Planck’ın uzmanlık alanı “Termodinamik Teori” diye bilinen ısı bilimiydi. Yanan bir ampüle dokunulduğunda hemen algıladığı gibi ısı ile ışık birbirine ilişik olaylardır.
Işık radyasyonu üzerine çalışırken bir sorunla karşılaşır. Yerleşik kuram ile deney sonuçları arasındaki tutarsızlık oldukça büyüktü. Sorun deneysel verilere dayalı hesaplamalarda bir hatadan kaynaklanmıyor idiyse yerleşik kuramın yetersizliği söz konusu olmalıydı.
Planck’ın yetkin örnek olarak aldığı kara cisim üzerinde yürüttüğü kuramsal çalışması 1900’de yayımlanır. Çalışmanın dayandığı temel düşünce şuydu: Madde her biri kendine özgü titreşim frekansına sahip ve bu frekansla radyasyon salan vibratörlerden ibarettir.
Bu düşüncenin yürürlükteki kurama ters düşen yanı yoktu. Ne var ki, Planck aynı zamanda vibratörlerin enerjiyi sürekli bir akıntı olarak değil bir dizi kesik fışkırmalarla saldığı görüşünü de ileri sürmekteydi. Bu demekti ki belli bir frekanstaki bir osilatörün saldığı veya aldığı enerji ancak tam birimler biçiminde olabilir. Çözüm arayışında başvurduğu istatiksel yöntemin de inceleme konusu ilişkilerin sayılabilir olmasını gerektirmesi, radyasyon enerjisinin bireysel bölümlerden oluştuğu varsayımını kaçınılmaz kılıyordu.
Önerilen çözüm basitti: Gözlem sonuçlarıyla bağdaşmayan sürekli oluş varsayımından vazgeçmemeli. Ne var ki, şimdi oldukça açık ve mantıksal görünen bu çözümün o dönemde hemen benimsenmesi bir yana, akla yalınlığı bile kolayca düşünülemezdi.
Yerleşik kuramı sorgulamak kolay değildi. Hele yeni bir kuram oluşturmak, üstün zeka ve hayal gücünün de ötesinde yüreklilik ister.

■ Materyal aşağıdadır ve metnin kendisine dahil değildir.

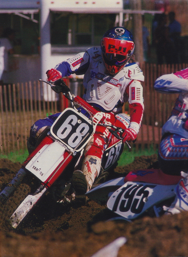 In 1988, Yamaha had quite a stable of young talent in the wings. Certainly the highest profile of which was North Carolina’s Damon Bradshaw (68), who would pilot his YZ125 to an impressive fourth overall in his pro debut at Spring Creek in 1988. Photo Credit: Motocross Action |
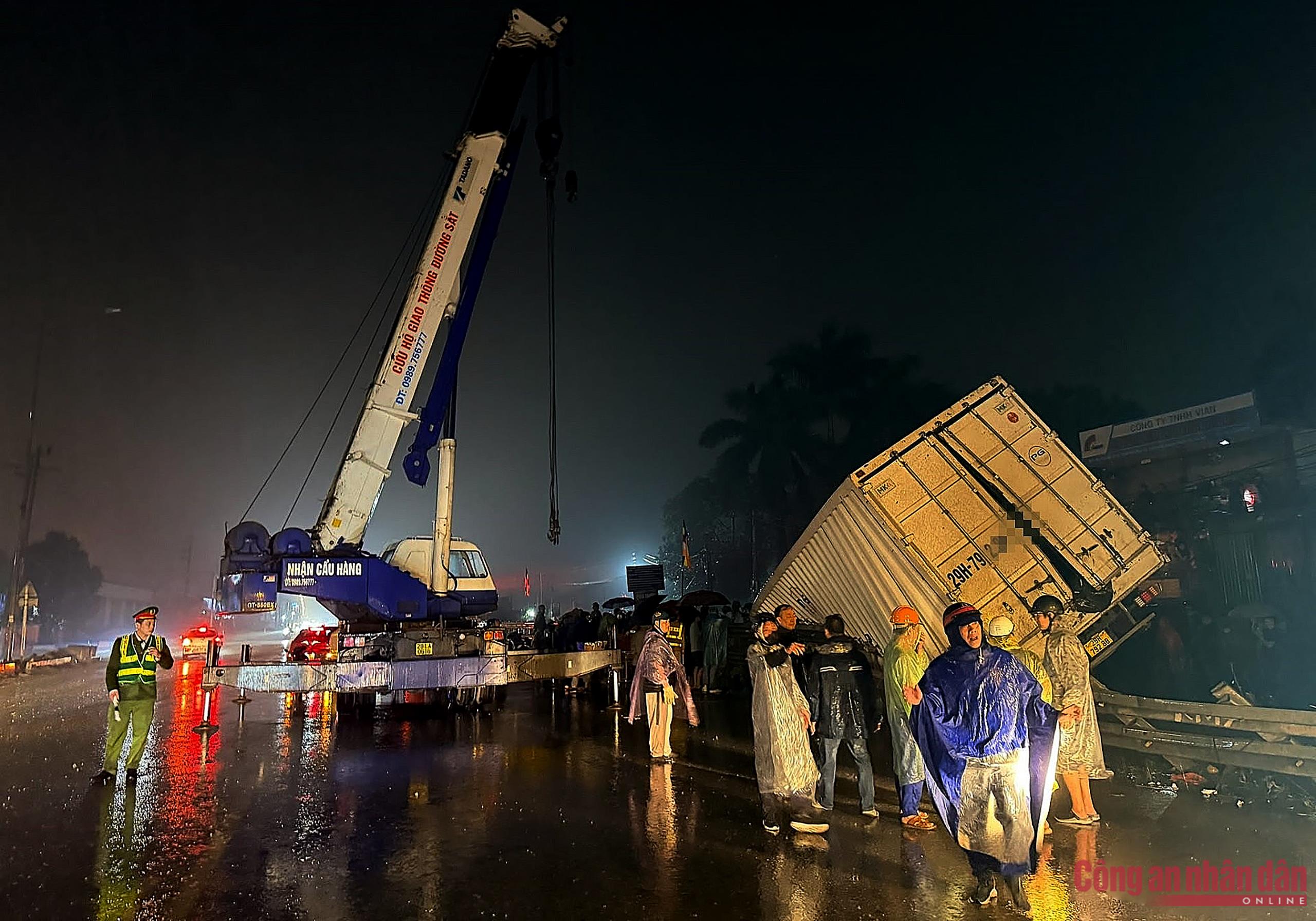 Vụ việc cũng khiến anh Nguyễn Văn T. tử vong tại chỗ; anh Đỗ Như H. (SN 1985) bị đa chấn thương và đang được cấp cứu tại Bệnh viện Đa khoa Nông nghiệp. Trong ảnh, lực lượng chức năng được triển khai xuống hiện trường cứu nạn các nạn nhân trong vụ tai:nan đồng thời điều tiết giao thông qua khu vực trên, chống ùn tắc.

Planck çözümüne deneysel verileri matematiksel olarak dile getiren masum bir formül gözüyle bakıyordu. Oysa “kuantum” dediği bir enerji paketi ile bir dalga frekansı arasındaki ilişkiyi belirleyen denklemi (E= h f) bilimde yeni bir devrimin temel taşıydı. (E: enerji, f:radyasyon frekansı, h: Planck sbt). Buna göre bir enerji kuantumu, dalga frekansıyla Planck değişmezinin çarpımına eşittir. Buna göre, bir enerji kuantumu, dalga frekansıyla Planck değişmezinin çarpımına eşittir.

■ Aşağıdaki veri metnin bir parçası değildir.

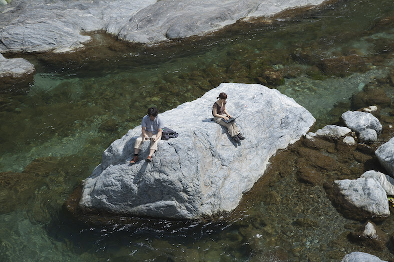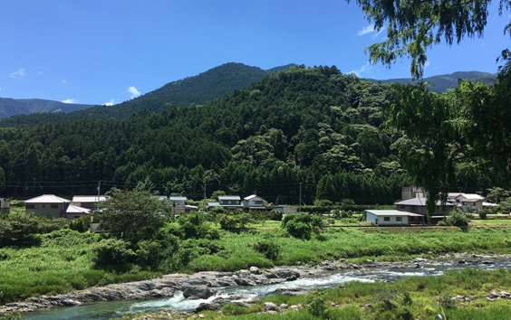 우리가 카미야마로 온 많은 이유들 중에 반절은 아마 이 숙소일 것입니다. 마루에 앉으면 눈 앞에 냇물이 흐르고 등 뒤로는 산에서 불어오는 바람이 스치는 곳.
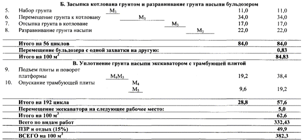 Примечание. Работы по перемещению экскаваторов на следующие рабочие места бульдозера с одной захватки на другую выполняются в технологические перерывы. Трудозатраты приведены в графике трудового процесса. |

Planck’ın önerdiği hipotez başlangıçta hiç değilse ışığın dalga teorisine doğrudan bir tehlike oluşturmuyordu. Ama klasik fiziğin önemli bir ilkesi olan doğanın sürekliliği varsayımı sarsılmıştı. Çok geçmeden Einstein’in 1905’te ortaya koyduğu “Fotoelektrik Etki” diye bilinen teorisiyle ışık da kuantum teorisi kapsamına giren böylece ısı, ışık, elektromanyetizma v.b. radyasyon türlerinin tümünün kuanta biçiminde verilip alındığı hipotezi doğrulanmış olur.
Işıma ve paketçilik çalışmalarıyla 1920’de Nobel ödülünü aldı. Zamanla en çok sayılan Alman fizikçi haline geldi. Rusya Bilimler akademisi sekreteri ve Alman biliminin en etkin temsilcilerindendi.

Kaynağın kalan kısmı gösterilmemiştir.